Whenever someone is about to tell me about their day, I just cover my ears and yell “SPOILER ALERT!”
What idiot called it Airport Facilities Maintenance and not Hangar Management?
The enemy of my frenemy is my frenenemy
the fbi, studying my kidnapper’s proof of life photo of me, notice a morse code message of mustard stains across the front of my shirt that says: ‘we’re out of mustard’
I’m explaining to my mom this is what happens when a goth girl wished for global annihilation as she blew out her birthday candles.
My teen practicing her lawyer skills, “We’re studying Thailand, can we get Thai food to help me understand the culture better?”
Yeah? Well the Bible also tells us that abstinence isn’t 100% effective, Mary.
I miss the days when my 2yo didn’t have opinions and I could dress him in whatever I wanted.
I got tired of arguing with my kids about screen time and also tired of telling them to plug in their devices, so I‘ve stopped charging them myself and now I don’t have to argue with the kids because their devices are all out of battery
Gonna serve James Bond a stirred martini just to see if he even notices, that pretentious little shit
Fred realized too late that he should have bought a fresh sheet for his toga, when he walked into the black light party.
“No,” said the bus driver, not even taking an eye off the road. Feeling my face reddening with anger but not wanting to cause a wreck, I calmy repeated myself, “I need you to give me back my kazoo right now please.”
superman: hey can i borrow your ladder? i need to replace one of the lightbulbs on my kitchen ceiling
batman: dude, you can fly…
superman: oh yeah, good point. i can just fly to home depot and buy a ladder
batman: what
NOBODY MOVE I LOST AN HOUR
NASA: you’ve been selected to spend a year on the space station
ME: wow that’s awesome
NASA: you and your entire family!
ME: oh ok no thanks
I’m in the South. I’m the only one who ordered vegetables with my dinner.

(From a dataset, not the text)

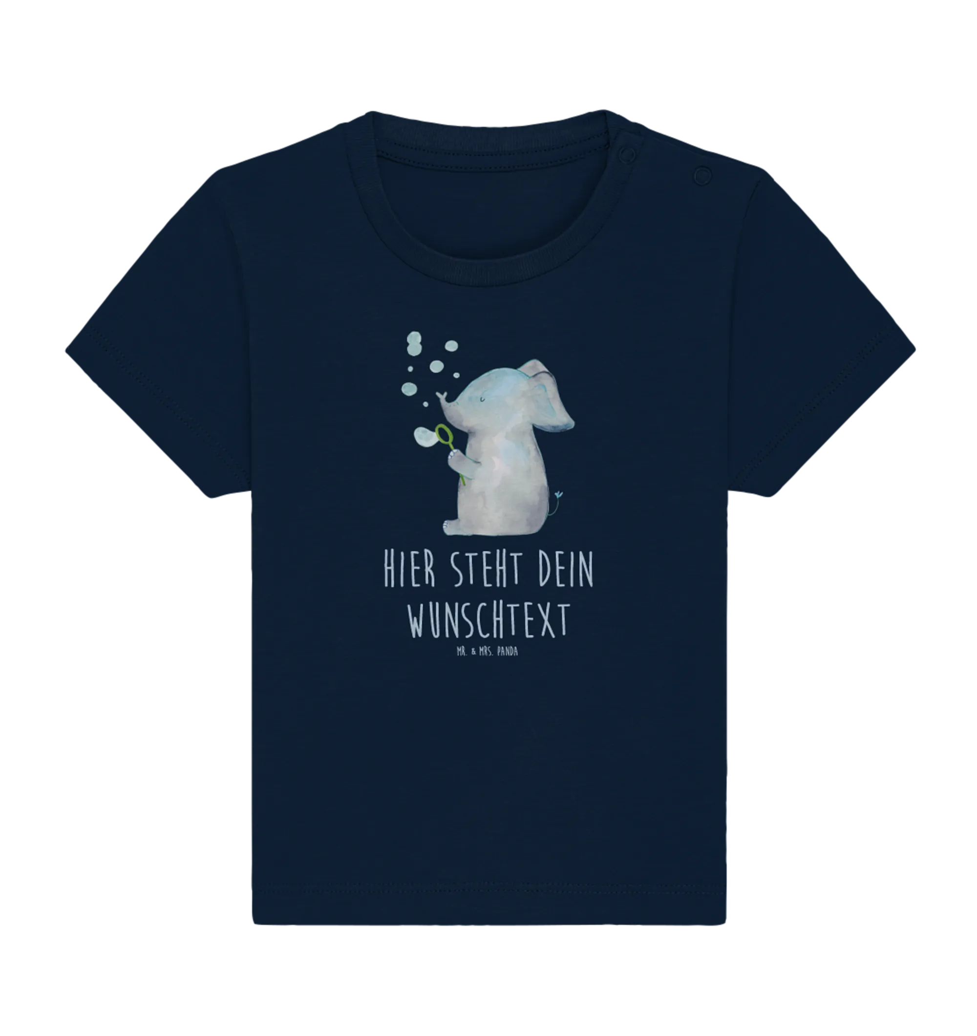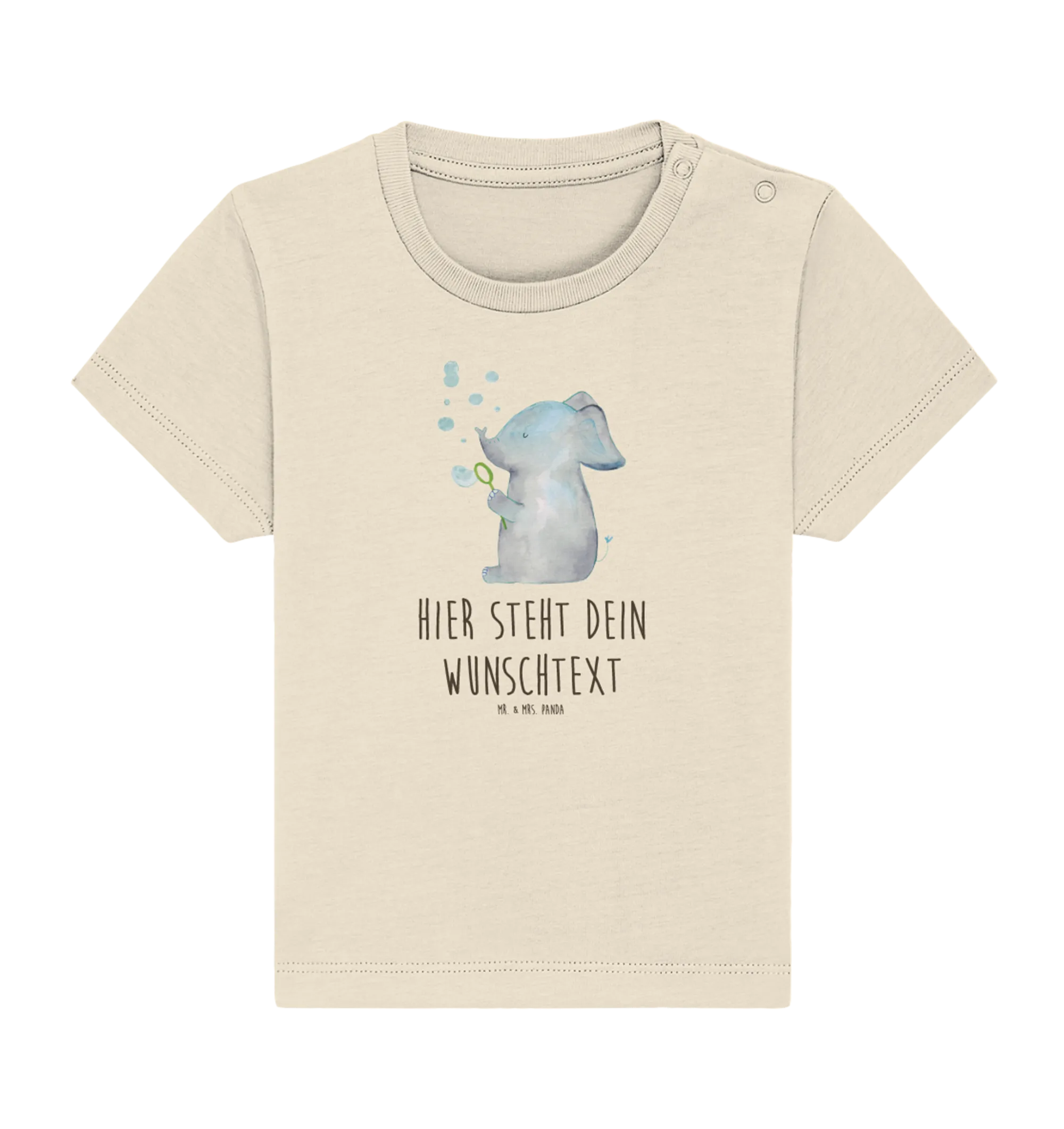 Entdecke unser wunderschönes personalisiertes Baby T-Shirt mit dem zauberhaften Motiv "Elefant Seifenblasen" aus der beliebten Small World Kollektion. Dieses niedliche Shirt bringt Freude und ein Lächeln in den Alltag deines kleinen Schatzes. Der süße Elefant pustet bunte Seifenblasen in die Luft, und wer kann da schon widerstehen?
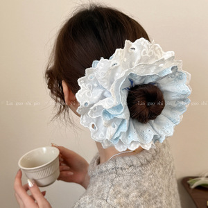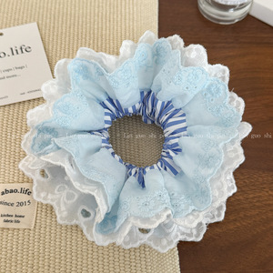 4層中空バレエ風ブルーレースヘアゴム、ヘビーポニーテール、大判フラワー、高級ヘアロープ、ゴムバンド

When someone rings the doorbell I say to my kids, “I think it’s Santa Claus!” so I don’t have to get up.
As a child I had the impression that I would be offered free drugs by strangers much more frequently than the 0 times it’s happened.
St. Patrick’s Day: the day the Venn diagram for people who touch my hair for luck and the number of times I throat punch someone is just a circle.